On Sept. 11, Dan Best was participating in a workgroup to develop a Public Assistance training course at FEMA’s Emergency Management Institute in Emmitsburg, Maryland. Classes and workshops were cancelled, and everyone was told to go home. A Recovery Branch Chief in FEMA Region 7 at the time, Dan let his supervisor know he could either return to the region or assist with the agency’s response to the incident.
Later that evening he got a call from the National Emergency Response Team Operations Chief and deployed to New York as the Deputy Infrastructure Branch Director the next day. In this FEMA public assistance program position, Dan worked with the U.S. Army Corps of Engineers and Department of Energy to sort and dispose of debris from the World Trade Center. Dan spent more than a month in New York, mostly at the Joint Field Office, with several visits to the World Trade Center and site on Staten Island where debris was being carefully sorted.
The debris, evidence and personal belongings from the site was critical to the FBI, New York Police department, and to survivors and those who lost a loved one. To ensure all aspects of the mission were conducted with care and compassion, FEMA partnered with the U.S. Army Corps of Engineers to use their debris removal and management expertise. A complex multi-jurisdictional operation, the process continued for eight months as the debris was removed from the World Trade Center.
Dan knew that returning personal items to survivors and the families of those lost was important. He also knew that responders can have conflicting feelings. “On one hand, I’m always proud of the work we do to help disaster survivors,” said Dan. “On the other hand, I recognize the fact that we’re doing this work because somebody suffered terribly. And a lot of people suffered terribly on 9/11.”
To Dan, it’s critical to consider the needs of individuals who are impacted by disaster, no matter its size or cause. “Working with disaster survivors is rewarding, and I enjoy working with them,” said Dan, adding “although I enjoy that every disaster is different and you learn new things, it can be sad because you’re there to help people recover from something that, in a perfect world, would never have happened to them.”
When reflecting on the legacy of 9/11, Dan emphasized the need for stakeholder coordination during incidents. By examining best practices and lessons learned, FEMA developed a well-respected capability to implement and coordinate with multiple partners and agencies to get things done in the field. This capability has been requested several times for novel, non-Stafford Act incidents such as meeting humanitarian needs at the border, responding to earthquakes in other countries, and during the Gulf of Mexico oil spill. Most recently FEMA’s coordination skills were tapped to support partners during the COVID-19 pandemic and subsequent vaccination mission.

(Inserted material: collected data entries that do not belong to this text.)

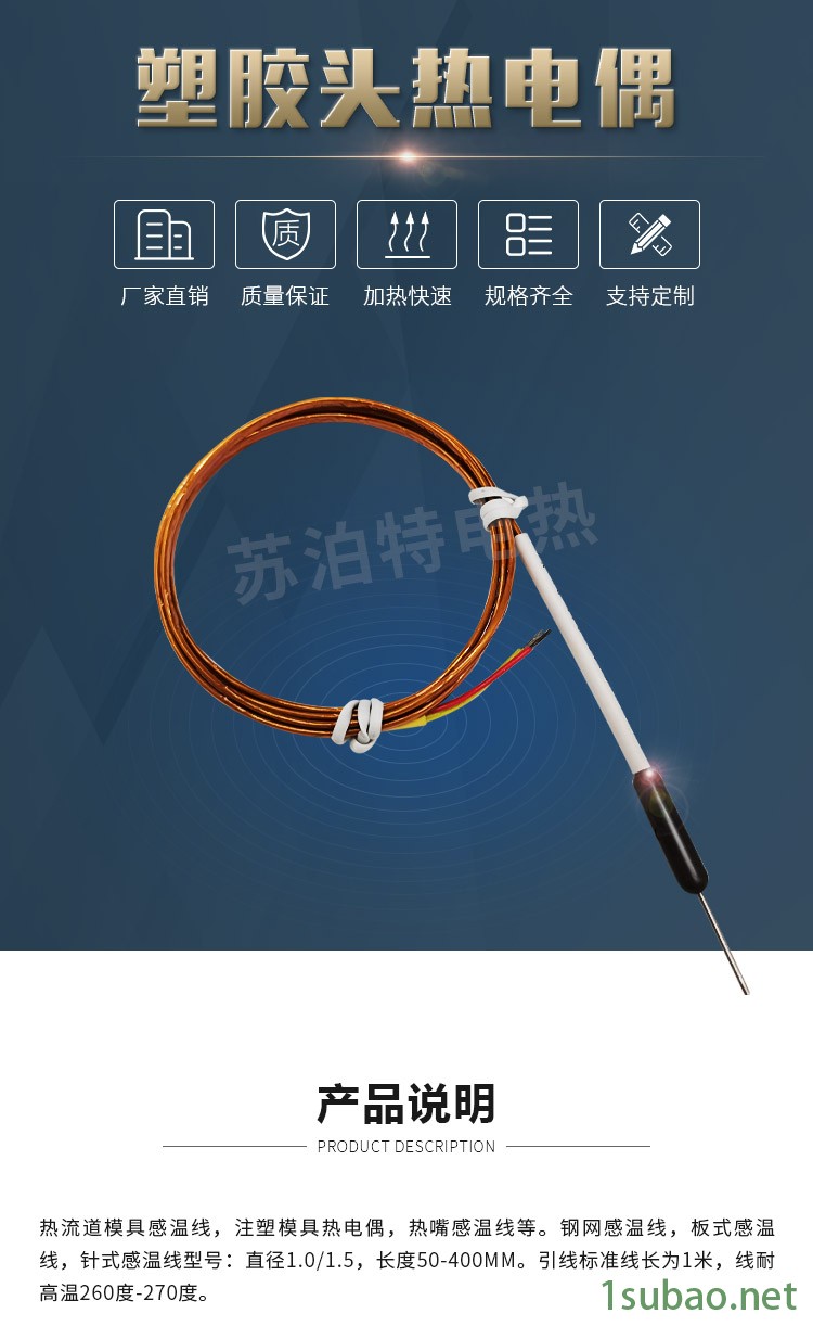 蘇泊特 廠家直供熱流道塑膠頭熱電偶鎧裝塑膠感溫線熱嘴熱電偶溫度傳感器
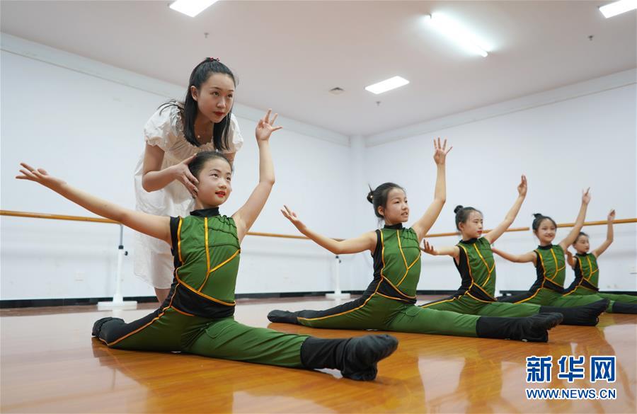 8月5日,内丘县文化馆老师指导孩子们练习舞蹈。新华社记者 朱旭东 摄
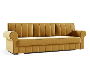 TRIVIO K6 ist ein bequemes und funktionales 3-Sitzer-Sofa, das zum gemütlichen Verweilen einlädt. Schöne Steppung mit vertikalen Nähten sowie stilvoll abgerundete Armlehnen verleihen dem Möbel eine feine Eleganz und ausgesprochene Präsenz. Die Couch mit Schlaffunktion, Bettkasten und Automat zum einfachen Ausklappen. Hochwertige Materialien und robuste Ausführung kennzeichnen dieses Möbelstück. Die Rückseite ist gepolstert, deswegen kann das Sofa frei in der Mitte des Raumes aufgestellt werden.
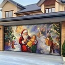 Christmas Garage Door Cover Santa Claus House Large Hanging Backdrop 2 Car Outdoor Holiday Party Decoration 2D flat print Festive Wall Banner Yard Home Christmas Scene Background 7*8 FT |
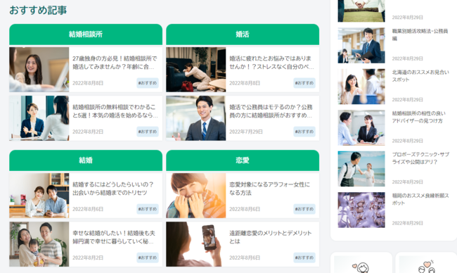 コラムページは「結婚相談所」「婚活」「結婚」「恋愛」の4つの要素から構成するページとなってなっており、婚活ノウハウを熟知した私たちからの正しい情報をお伝えする情報提供メディアとなります。
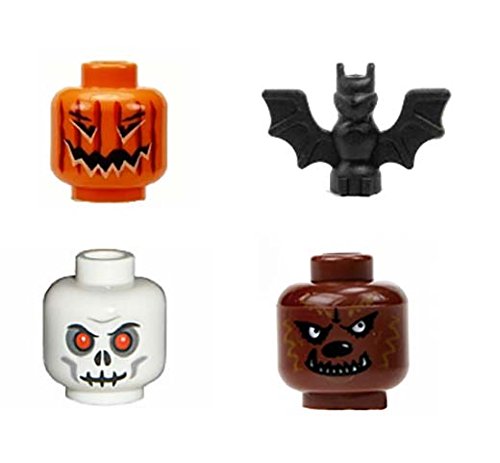 -. Feature : Genuine New L.E.G.O® Parts / L.E.G.O Minifigures: Heads Only! / One werewolf, one evil skull with red eyes, one Jack-O-lantern, one bat
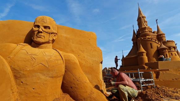 واستخدم عدد من الفنانين في بلجيكا، شاطئا ليكون معرضا لأعمالهم الفنية، التي يصنعونها من الرمال، والتي ضمت شخصيات شهيرة ورسوم متحركة غاية في الجمال.
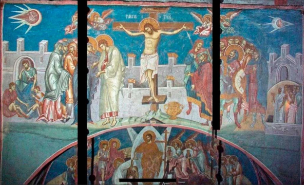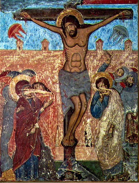 Na ovoj ruskoj fresci, oko Hristovih pazuha , vide se dva čudna predmeta. Dva predmeta ili projektuju zrake nalik koplju prema Hristovoj figuri ili nestaju dok Isus umire. Zanimljive paralele mogu se povući sa prikazima egipatskog jeretika Ehnatona, još jedne Hristove figure (nepoznati autor)
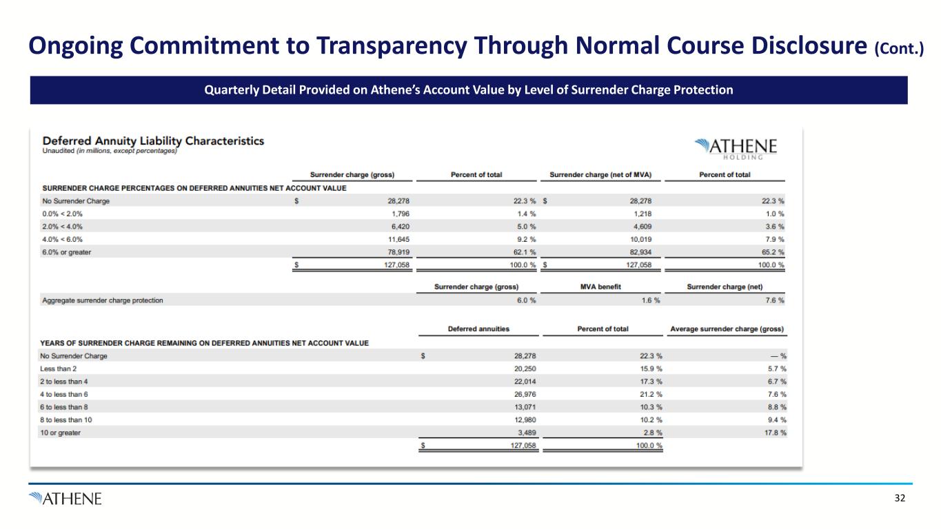 Ongoing Commitment to Transparency Through Normal Course Disclosure 31 Click Here To Access Athene’s 1Q’23 Financial Supplement Quarterly Detail Provided on Athene’s Inflows and Outflows Within Financial Supplement

Dan noted another outcome of 9/11: individuals and organizations are more able to unite in times of crisis. Lessons learned in the response and recovery to the events of 9/11 created a unity of effort to help neighbors and protect communities from the impacts of disasters and emergencies. Dan looks forward to working with the agency’s partners in the future knowing emergency management professionals and the community of people who want to help during a disaster or emergency have taken these lessons to heart.
As a historian, Dan knew he was participating in a historic event supporting New York City’s search and rescue, recovery and debris removal at the World Trade Center. He witnessed the pain and fear of those searching for loved ones firsthand while in the city. Officials closed Manhattan south of Canal Street to vehicles, placing his route walking to work near the World Trade Center. On many walks to Region 2’s office, survivors were handing out pictures of their missing loved ones, hoping to find any information they could. “It was heartbreaking, not having a good answer for them,” said Dan. Dan still has the first photo he got. “I kept the photo as a reminder of why we’re in this business.”